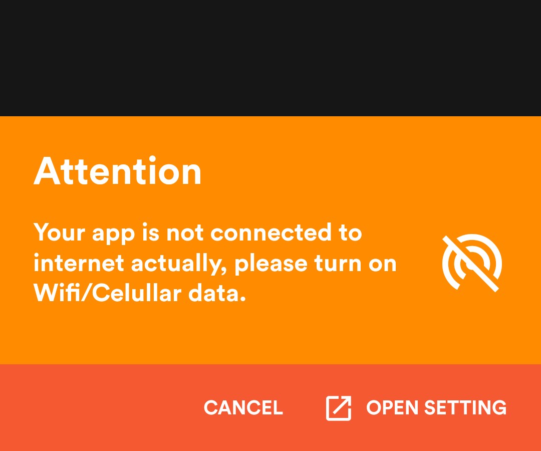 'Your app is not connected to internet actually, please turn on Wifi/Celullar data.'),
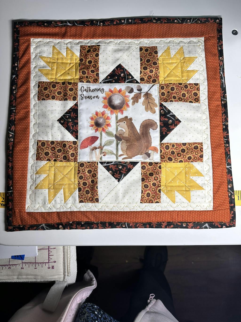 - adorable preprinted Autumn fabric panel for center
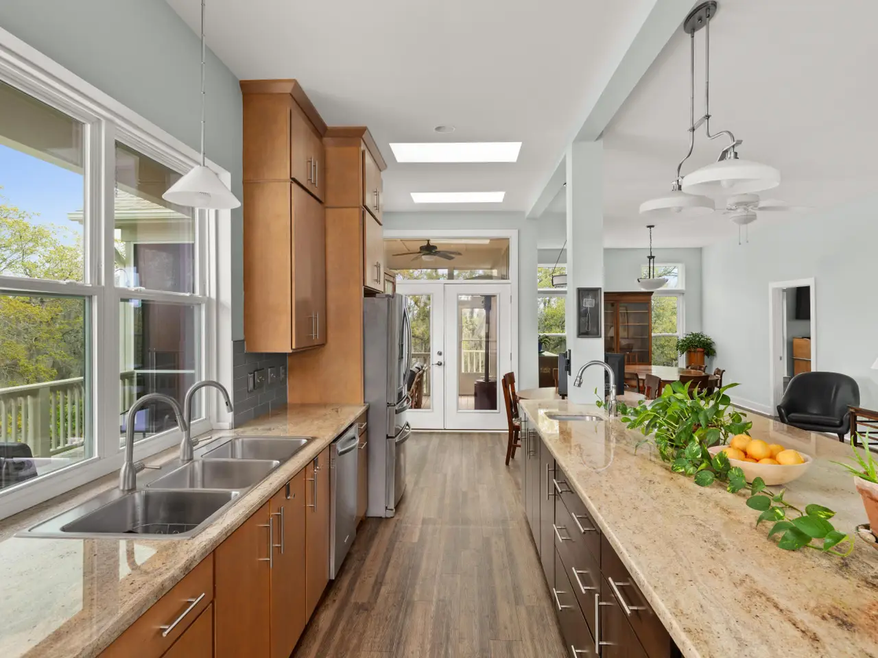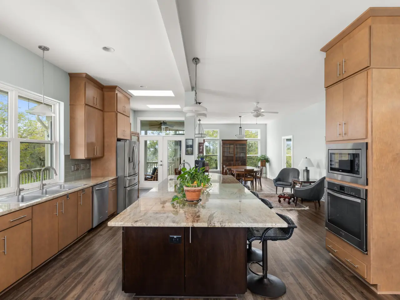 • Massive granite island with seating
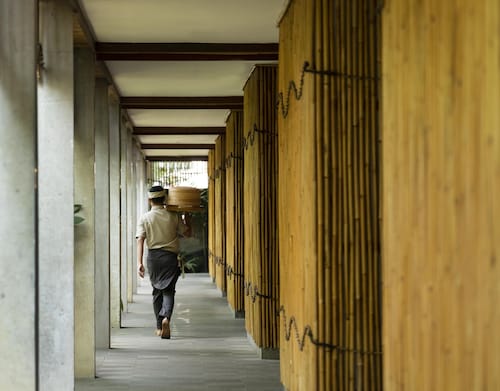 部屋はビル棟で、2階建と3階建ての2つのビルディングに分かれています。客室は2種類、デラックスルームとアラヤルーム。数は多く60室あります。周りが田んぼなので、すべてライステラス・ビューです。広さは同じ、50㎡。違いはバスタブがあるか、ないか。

◇ ◇ ◇

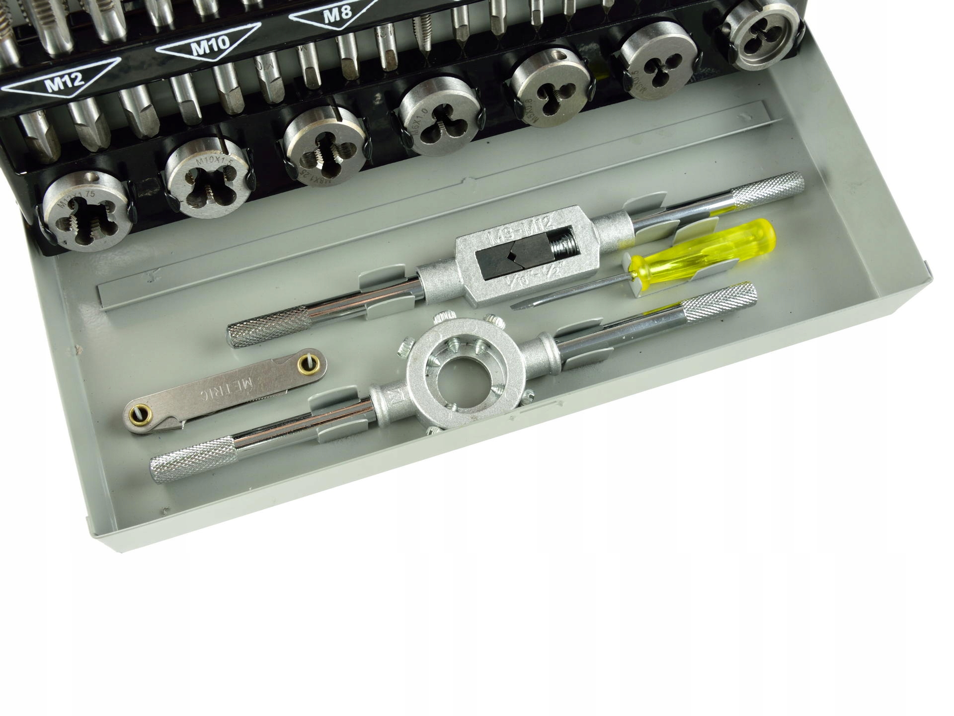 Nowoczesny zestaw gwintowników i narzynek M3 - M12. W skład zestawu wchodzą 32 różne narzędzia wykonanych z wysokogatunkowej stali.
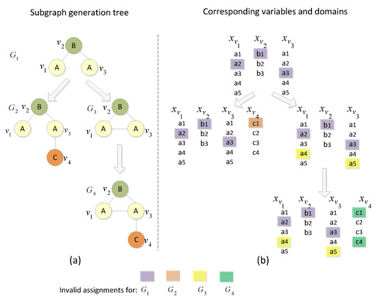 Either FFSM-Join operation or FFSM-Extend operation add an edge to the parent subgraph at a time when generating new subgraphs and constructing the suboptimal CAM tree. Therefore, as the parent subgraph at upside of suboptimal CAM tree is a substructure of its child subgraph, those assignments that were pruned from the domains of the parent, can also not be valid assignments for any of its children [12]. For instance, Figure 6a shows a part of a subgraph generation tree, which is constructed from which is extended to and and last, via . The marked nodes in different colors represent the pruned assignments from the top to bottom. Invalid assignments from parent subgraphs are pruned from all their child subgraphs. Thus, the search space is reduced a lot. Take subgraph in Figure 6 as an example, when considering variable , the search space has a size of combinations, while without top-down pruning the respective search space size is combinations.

◇ ◇ ◇

Exercise directions
In the listing above, find the line with "- adorable preprinted" and output it and every line after it up to and including the line with "部屋はビル棟で、2階建と3階", exactly, minus the pictures.

Output for this task
 - adorable preprinted Autumn fabric panel for center
 • Massive granite island with seating
 部屋はビル棟で、2階建と3階建ての2つのビルディングに分かれています。客室は2種類、デラックスルームとアラヤルーム。数は多く60室あります。周りが田んぼなので、すべてライステラス・ビューです。広さは同じ、50㎡。違いはバスタブがあるか、ないか。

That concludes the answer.